How do I create an alias for a noexcept function pointer?
The standard explicitly forbids an exception specification from appearing in a typedef
or an alias declaration. But it also states that the exception specifier may appear in a function pointer type.
§15.4/2 [except.spec]
An exception-specification shall appear only on a function declarator for a function type, pointer to function type, reference to function type, or pointer to member function type that is the top-level type of a declaration or definition, or on such a type appearing as a parameter or return type in a function declarator.
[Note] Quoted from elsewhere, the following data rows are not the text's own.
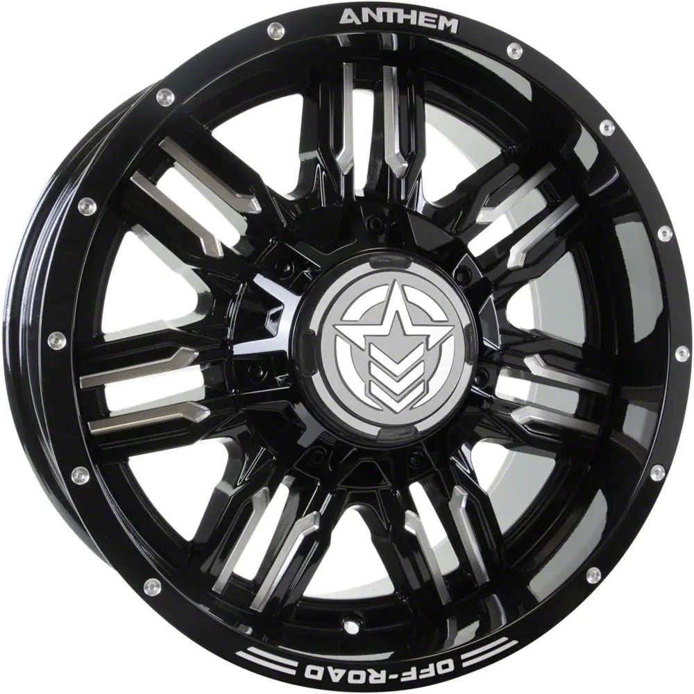 The 18x9 Anthem Off-Road Equalizer Gloss Black Milled Wheel; 18x9 is completed in a high quality, gloss black finish. The milled steel accents are where it really shines through. The accents make the split section of the spokes pop along the faux beadlock.
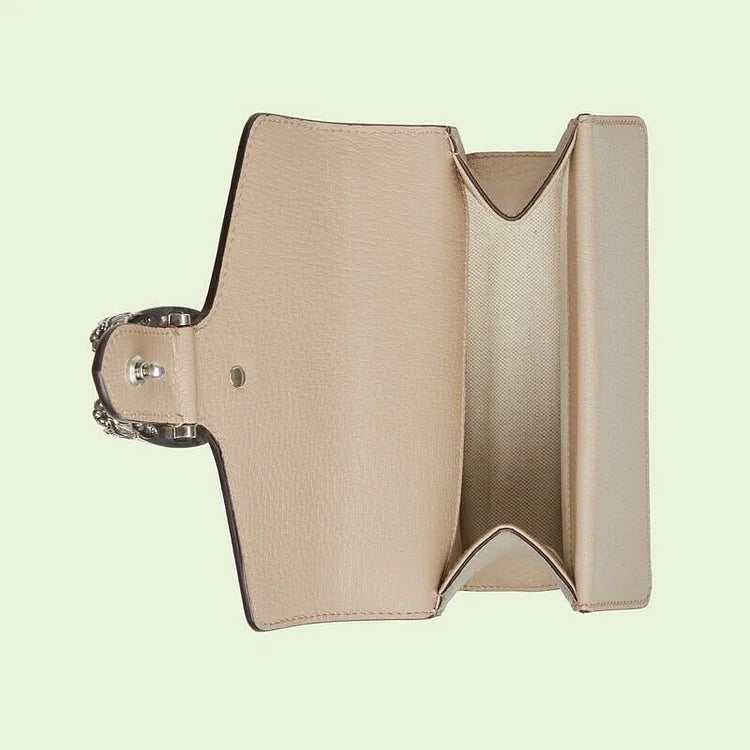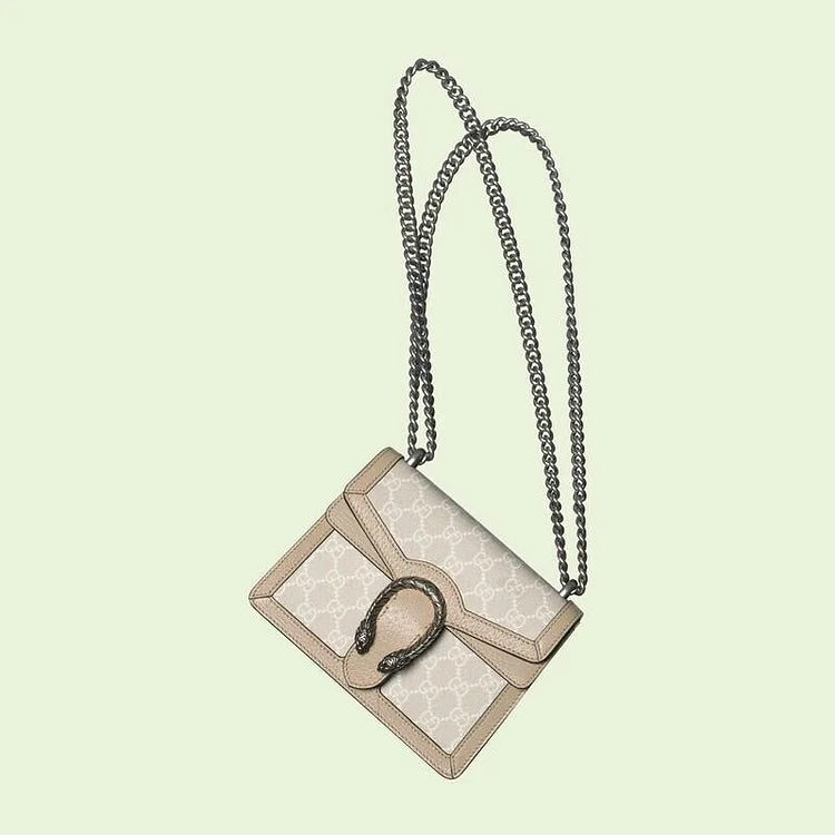 GG’s March of Love tells a touching story in color.GG Supreme canvas is one of the brand’s signature fabrics. inspired by archive designs from the ’30s.The classic beige and ebony designs have been reinterpreted in a refreshing combination of beige and white. conveying the brand’s enduring design essence.The pattern has also become a signature highlight on this Dionysus collection of mini bags.
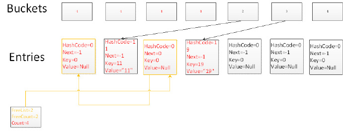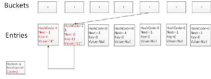 根据Hash算法 11.GetHashCode()%7=4,因此再次碰撞到Buckets中下标为4的槽上,由于此槽上的值已经不为-1,此时Count=1,因此把这个新加的元素放到entries中下标为1的数组中,并且让Buckets槽指向下标为1的entries中,下标为1的entry之下下标为0的entries。
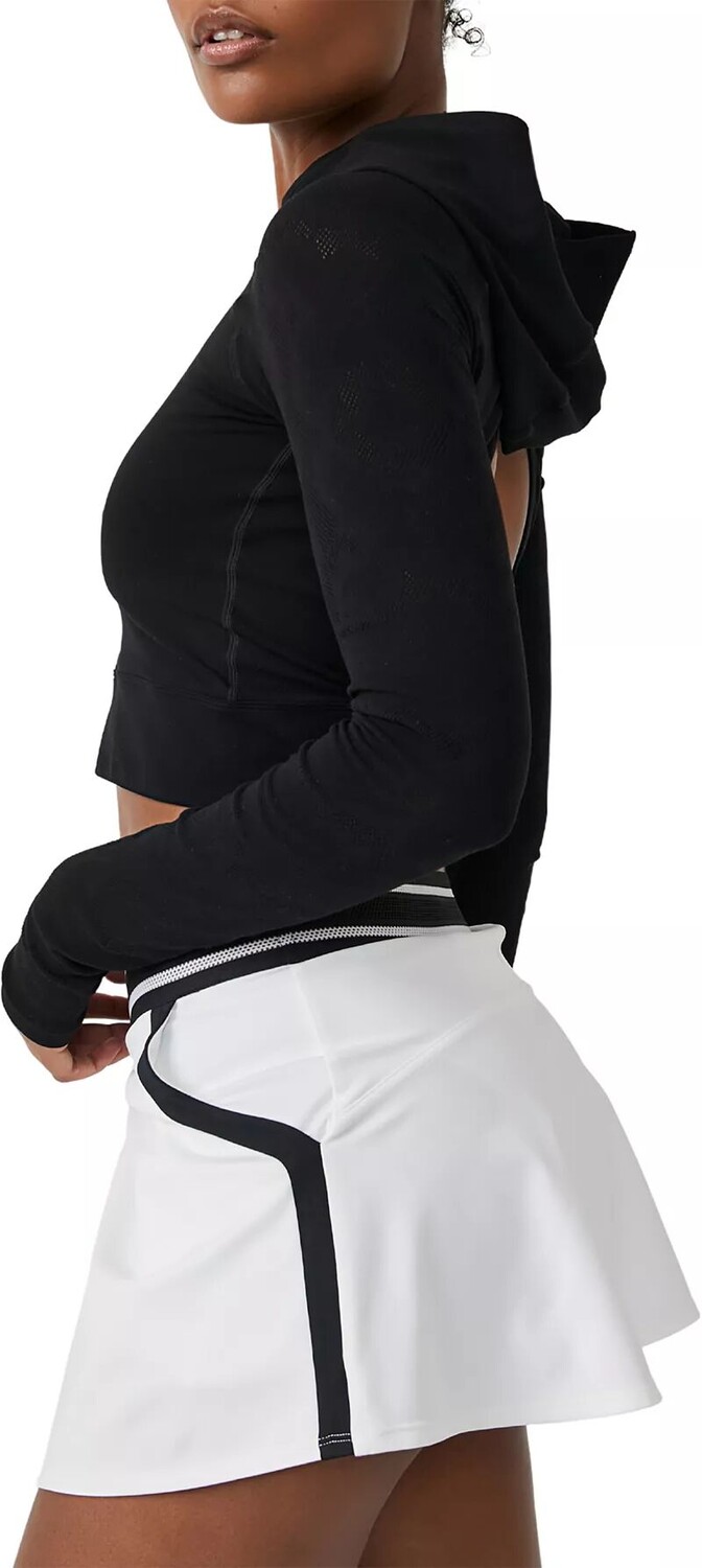 Этот топ с длинными рукавами, который можно носить как сверху, так и снизу, имеет укороченный приталенный силуэт с вырезом с капюшоном и ярким вырезом на спине.
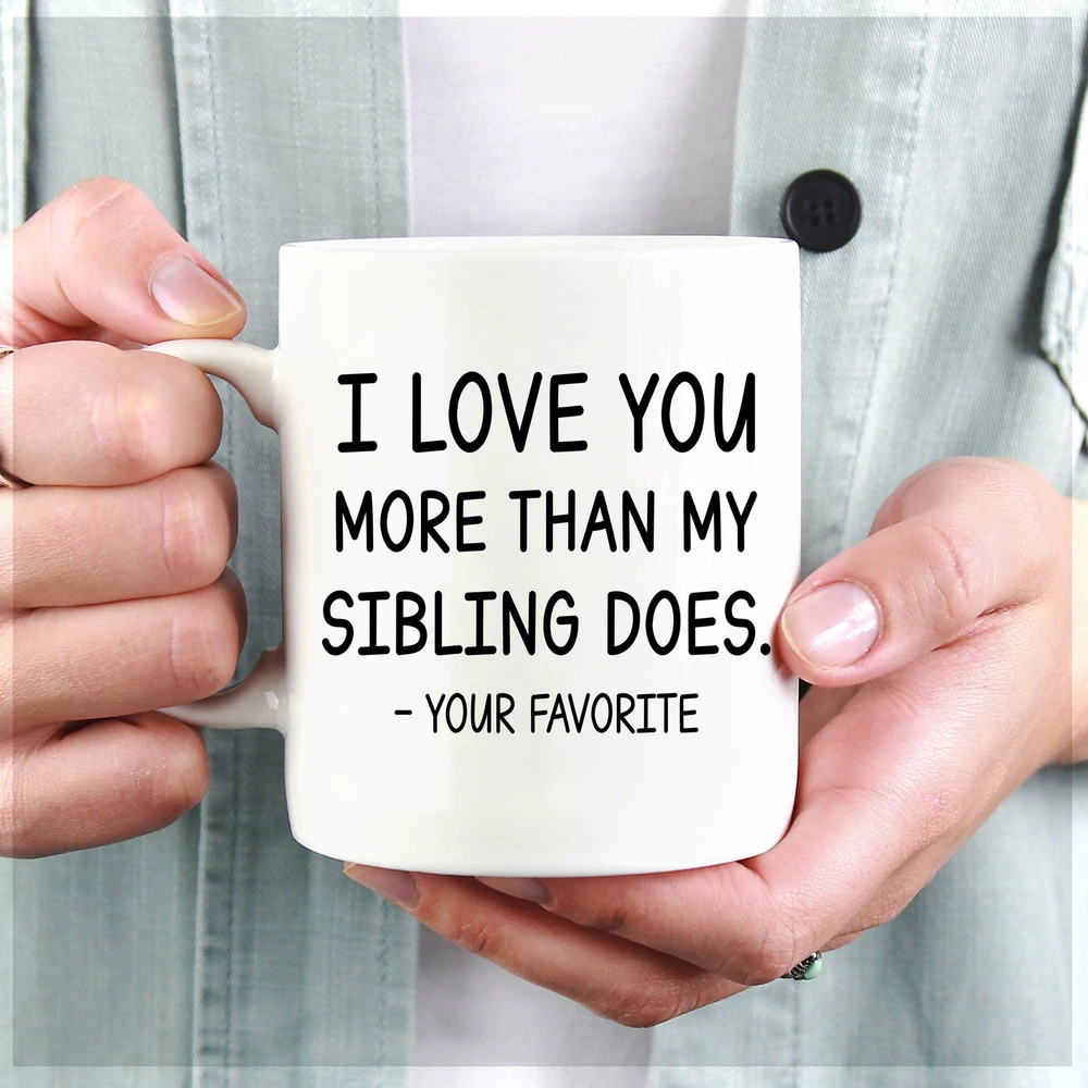 Personalized I Love You More Than My Siblings Does Coffee Mug Custom Kids Name Product Details.. This high quality 11oz. ceramic white mug has a premium hard coat that provides crisp and vibrant color reproduction sure to last for years. Perfect for all hot & cold beverages. The highest quality printing possible is used. It will never fade no matter how many times you wash it. Material: 100% Ceramic. Print both sides. Dishwasher and Microwave Safe. High Gloss + Premium White Finish. Printed in the U.S.A. Personalized & Custom. We support personalized and custom mug to add custom, when placing an order, you can add notes to the "order note" in shipping address section. Also you can contact us directly via message. Shipping Info. Ready to ship in 1 to 2 business days, All products are made-to-order and proudly printed in the United States. Shipped by USPS and DHL, You will receive your order in 5-7 days. Replace & Refund. All products are defective during shipping broken, chipped will be replaced free of charge. You are not satisfied with the product, we will refund 100% money to you. If any other issues arise, please do not hesitate to message, we would be more than happy to assist you.

An exception-specification shall not appear in a
typedef
declaration or alias-declaration.
And if a pointer to function does have an exception specification, then that function pointer must always be assigned a function type that has a compatible exception specification.
§15.4/5
...
A similar restriction applies to assignment to and initialization of pointers to functions, pointers to member functions, and references to functions: the target entity shall allow at least the exceptions allowed by the source value in the assignment or initialization....
Using these two, you can get the noexcept
specification into the function pointer type in a roundabout fashion.
void (*foo_ptr)(void *) noexcept = nullptr;
using function_type = decltype(foo_ptr);
Now, you cannot assign a function without a noexcept(true)
specification to a function pointer of type function_type
. clang will fail to compile the code with the error
error: target exception specification is not superset of source
As a further simplification of this answer, we can use the type trait std::add_pointer
as follows:
using function_type = std::add_pointer_t<void(void*) noexcept>;
From the cppreference documentation (emphasis mine):
If T is a reference type, then provides the member typedef type which is a pointer to the referred type.
Otherwise, if T names an object type, a function type that is not cv- or ref-qualified, or a (possibly cv-qualified) void type, provides the member typedef type which is the type T*.
Otherwise (if T is a cv- or ref-qualified function type), provides the member typedef type which is the type T.
In other words, std::add_pointer
is implemented in such a way that it's compatible with Function signature-like expressions as C++ template arguments.
The limitation on extern "C"
functions still applies, so you would need to use the workaround in the answer I linked.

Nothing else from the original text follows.